What is deferred loading? Lazy loading, also known as lazy mode, is the instance that is created when the Get () method is called, and the common implementation is to instantiate the new in the Get () method.
Lazy Load/Lazy mode is the instance that was created when the method was called. Although only one instance is taken in a thread, multiple instances are taken out in a multithreaded environment.
public class MyObject { private static MyObject MyObject; Private MyObject () {} public static MyObject getinstance () { if (MyObject = = null) { //impersonation do some preparatory work before creating the object try { thread.sleep; } catch (Interruptedexception e) { e.printstacktrace (); } MyObject = new MyObject (); } return myObject;} }
Custom threads and run-similar, the result
658705244 580835623 1791140146 |
The console prints 3 types of hashcode, stating that 3 objects were created, not Singleton, which is the "wrong singleton pattern". How to solve it? Look at the solution first.
2.1. Deferred loading/"lazy mode" solution
(1) Declaration synchronized keyword
Now that multiple threads can enter the human getinstance () method at the same time, you only need to declare the SYNCHRONIZED keyword to the getinstance () method.

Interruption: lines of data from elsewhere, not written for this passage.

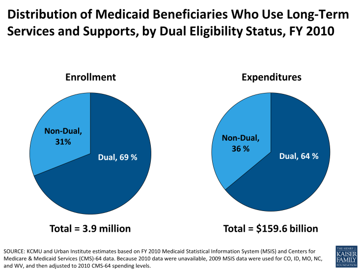 Distribution of Medicaid Beneficiaries Who Use Long-Term Services and Supports, by Dual Eligibility Status, FY 2010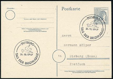 6818 | 12 € | 4100 Sonderstempel : DUISBURG/ TAG DER BRIEFMARKE 1947 (26.10.) SSt (Brieftaube ) 2x klar auf Inl.-Karte (Bo. 12) | ![]() | |
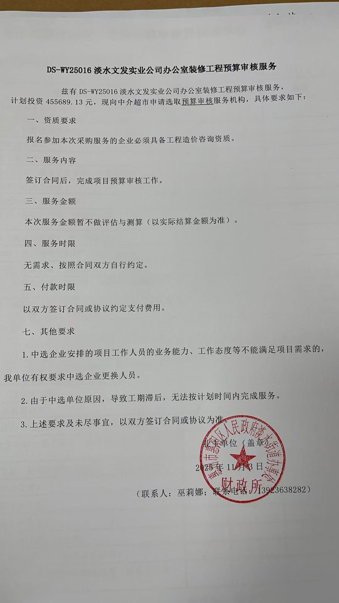 关于为【DS-WY25016淡水文发实业公司办公室装修工程预算审核】公开选取【工程造价咨询】机构的公告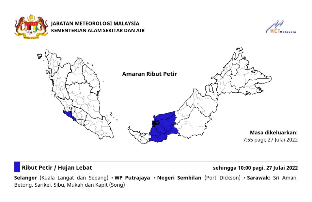 Amaran Ribut Petir 27/07/2022 0755 AM Norbazliah Cuaca 27 July 2022 Hits: 504 Rating: ( 0 Rating ) Please Rate Vote 1 Vote 2 Vote 3 Vote 4 Vote 5 Lihat / Muat Turun JPG Facebook Twitter Prev Next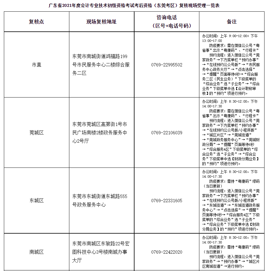 《2021年度全國(guó)會(huì)計(jì)專業(yè)技術(shù)初級(jí)資格考試網(wǎng)上報(bào)名考生信息表》中“報(bào)名點(diǎn)名稱”欄所在地財(cái)政分局,詳見(jiàn)《廣東省2021年度會(huì)計(jì)專業(yè)技術(shù)初級(jí)資格考試考后資格(東莞考區(qū))復(fù)核現(xiàn)場(chǎng) 受理一覽表》(附件)。

public class MyObject { private static MyObject MyObject; Private MyObject () {} /** * This kind of synchronized lock method is very inefficient, although it is running synchronously, but each call to getinstance (), the object must be locked * And the next thread wants to get the object, it must wait for the last thread to release the lock before it can continue execution. * /public synchronized static MyObject getinstance () { if (MyObject = = null) { //impersonation do some preparatory work before creating 2 objects try { thread.sleep; } catch (Interruptedexception e) { e.printstacktrace (); } MyObject = new MyObject (); } return myObject;} }
Custom threads and run-similar, the result
1791140146 1791140146 1791140146 |
2.2. Try synchronizing the code block
The synchronous method is to lock the whole method, which is not disadvantageous to the operation efficiency. Is it possible to change to a synchronous block of code? First look at an example of a less efficient
public class MyObject {/ * * holds a private static instance that is protected from reference and is assigned null here to enable lazy loading */ private static MyObject MyObject = null; Private MyObject () {} public static MyObject getinstance () { try {/ * * This notation is equivalent to: * public synchronized Static MyObject getinstance () is very inefficient * */ synchronized (myobject.class) { if (MyObject = = null) {
//simulation To do some preparatory work before creating the object Thread.Sleep (); MyObject = new MyObject ();}} } catch (Interruptedexception e) { e.printstacktrace (); } return myObject;} }
Custom threads and run-similar, the result
658705244 658705244 658705244 |
Synchronous code blocks can be synchronized for some important code, while others do not need to be synchronized. In this way, efficiency can be greatly improved at run time.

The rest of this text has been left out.